Entry Date:
June 13, 2005

Applied Mathematics Computational Laboratory (AMCL)

Principal Investigator Martin Bazant

Co-investigators Alan Edelman , Rodolfo Rosales , Linn Hobbs


The Applied Mathematics Computational Laboratory is a facility for high-performance scientific computation in the Department of Mathematics, featuring a 32-processor Beowulf cluster (16 dual-processor Athlon MP 2000+, each has 1.67 GHz CPU and 1 GB memory): heaviside.mit.edu. The AMCL is available to the entire Department and other special users at MIT for both research and educational purposes, subject to the usage policy.

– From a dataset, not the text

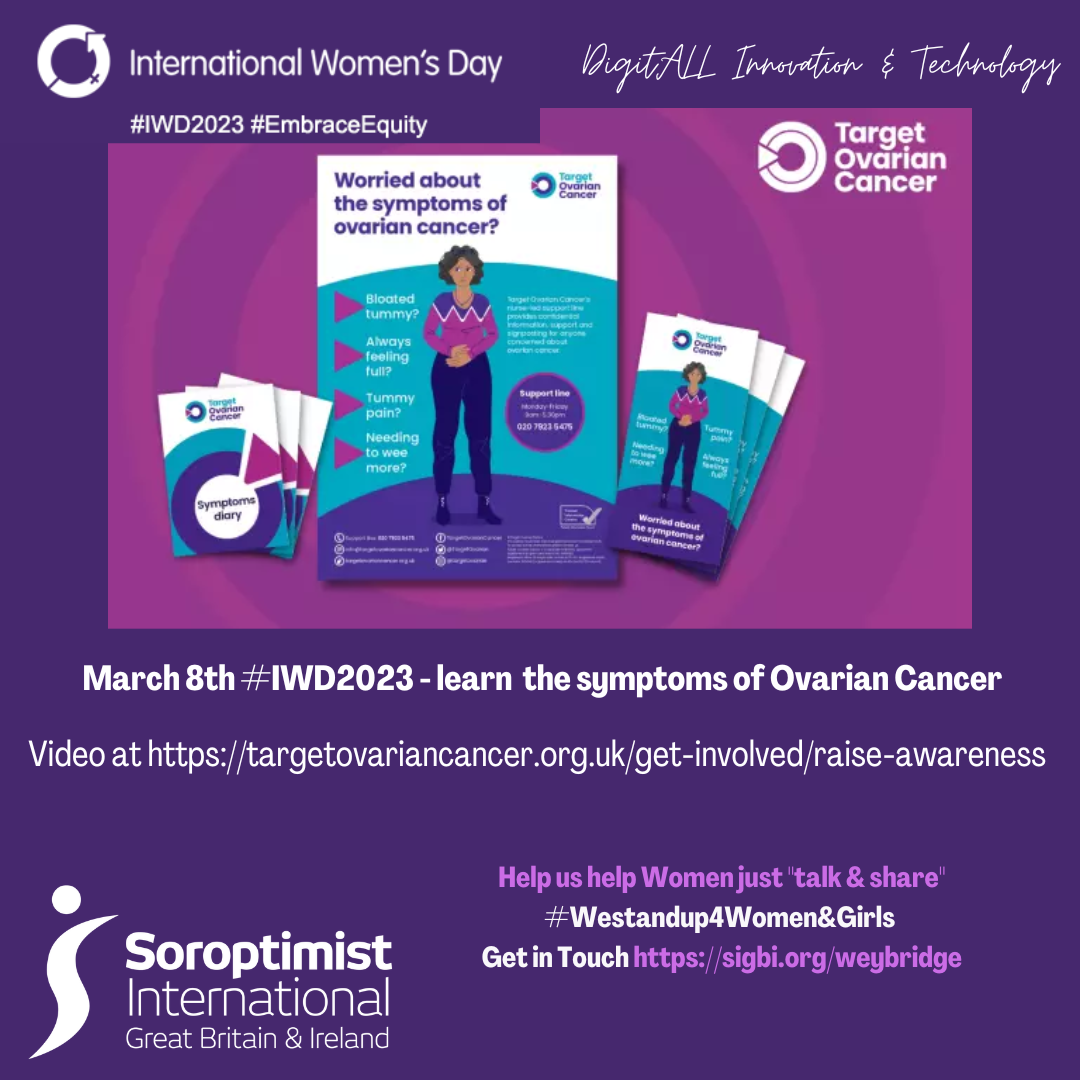 During March SI Weybridge & District is sharing information from one of the leading Ovarian Cancer charities, please share our posts to other women. On International Women’s Day this years theme of #embracingequity in the use of #digitalinnovation and technology is close to our aim of improving women’s well being and health. On #IWD2023 check yourself for the symptoms, discuss the symptoms and information sources with other women over a coffee, let’s talk and share, maybe it will help save a life or enable early detection of other disease.

The Beowulf cluster is being used in simulations of granular flow in pebble-bed nuclear reactors and of radiation damaged ceramics, waves in lakes.

Currently, our largest parallel simulations (by Chris Rycroft) involve a granular dynamics code originally developed by the group of Gary Grest at Sandia National Laboratory. For example, it takes several days of real time on 20 processors to simulate the complete drainage of 50,000 monodisperse spherical pebbles from a model pebble-bed reactor. The MIT reactor will contain roughly 400,000 pebbles, so we are planning to increase the size of our Beowulf cluster and to improve its efficiency with faster switches.